Need help creating audio clip from OpenAI TTS API

I am working on a chat game in Unity, and am using OpenAI’s text to speech API to convert the character’s output text to speech. I have made the API call and receive the data back as in a byte format. I am trying to use this in Unity but I just hear static noise when I play it and there’s no errors.

Could I get some help with this?

This is my current code for the method:

public IEnumerator ConvertTextToSpeechOpenAI(string input)
{
    var requestBody = new Dictionary<string, string>
    {
        { "model", "tts-1"},
        { "input", input},
        { "voice", "alloy" }
    };

    string json = JsonConvert.SerializeObject(requestBody);

    UnityWebRequest request = new UnityWebRequest("https://api.openai.com/v1/audio/speech", "POST");
    byte[] bodyRaw = Encoding.UTF8.GetBytes(json);
    request.uploadHandler = new UploadHandlerRaw(bodyRaw);
    request.downloadHandler = new DownloadHandlerBuffer();
    request.SetRequestHeader("Content-Type", "application/json");
    request.SetRequestHeader("Authorization", "Bearer " + apiKey);

    yield return request.SendWebRequest();

    if (request.result == UnityWebRequest.Result.ConnectionError || request.result == UnityWebRequest.Result.ProtocolError)
    {
        Debug.LogError("Error: " + request.error);
    }
    else
    {
        byte[] audioData = request.downloadHandler.data;
        float[] samples = new float[audioData.Length / 4];
        Buffer.BlockCopy(audioData, 0, samples, 0, audioData.Length);
        int channels = 1;
        int sampleRate = 24000;

        AudioClip clip = AudioClip.Create("GeneratedSpeech", samples.Length, channels, sampleRate, false);
        clip.SetData(samples, 0);
        audioSource.clip = clip;
        audioSource.Play();
    }
}

By default OpenAI returns mp3

https://platform.openai.com/docs/guides/text-to-speech/supported-output-formats

using this as the raw data in an AudioClip will not work, as that data is expected to be decoded and PCM. You can change the request you get back to be PCM, I dont know the exact thing you have to put in the request though.

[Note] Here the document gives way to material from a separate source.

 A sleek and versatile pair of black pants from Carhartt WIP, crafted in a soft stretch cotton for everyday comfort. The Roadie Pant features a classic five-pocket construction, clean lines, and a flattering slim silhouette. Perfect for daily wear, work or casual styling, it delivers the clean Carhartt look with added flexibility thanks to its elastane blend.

If you want to use mp3 you could save the result you get as a file and use Unity - Scripting API: Networking.UnityWebRequestMultimedia.GetAudioClip which will invoke the audio importer and decode the mp3 into a proper AudioClip

Hi, thanks for helping. I’m ok with using any file format, so I tried it with mp3 and the WebRequestMultiMedia.GetAudioClip that you sent the link to. From what I understand, it is a different type of webrequest that I have to call that prepares the audio clip for me.

When I tried running that method, I get this error:
Error: HTTP/1.1 405 Method Not Allowed

This is the method that I created to use it:

public IEnumerator ConvertTTS(string input)
{
    var requestBody = new Dictionary<string, string>
    {
        { "model", "tts-1"},
        { "input", input},
        { "voice", "alloy" }
    };

    string json = JsonConvert.SerializeObject(requestBody);

    UnityWebRequest request = UnityWebRequestMultimedia.GetAudioClip("https://api.openai.com/v1/audio/speech", AudioType.MPEG);
    byte[] bodyRaw = Encoding.UTF8.GetBytes(json);
    request.uploadHandler = new UploadHandlerRaw(bodyRaw);
    request.downloadHandler = new DownloadHandlerBuffer();
    request.SetRequestHeader("Content-Type", "application/json");
    request.SetRequestHeader("Authorization", "Bearer " + apiKey);

    yield return request.SendWebRequest();

    if (request.result == UnityWebRequest.Result.ConnectionError || request.result == UnityWebRequest.Result.ProtocolError)
    {
        Debug.LogError("Error: " + request.error);
    }
    else
    {
        AudioClip clip = DownloadHandlerAudioClip.GetContent(request);
        audioSource.clip = clip;
        audioSource.Play();
    }
}

Do you know how I could fix that error, or does OpenAI API maybe not allow that type of web request or something?

You were right when you were using a POST request.
UnityWebRequestMultimedia.GetAudioClip creates a GET request and thus it won’t work. An that is the reason of the 405 error.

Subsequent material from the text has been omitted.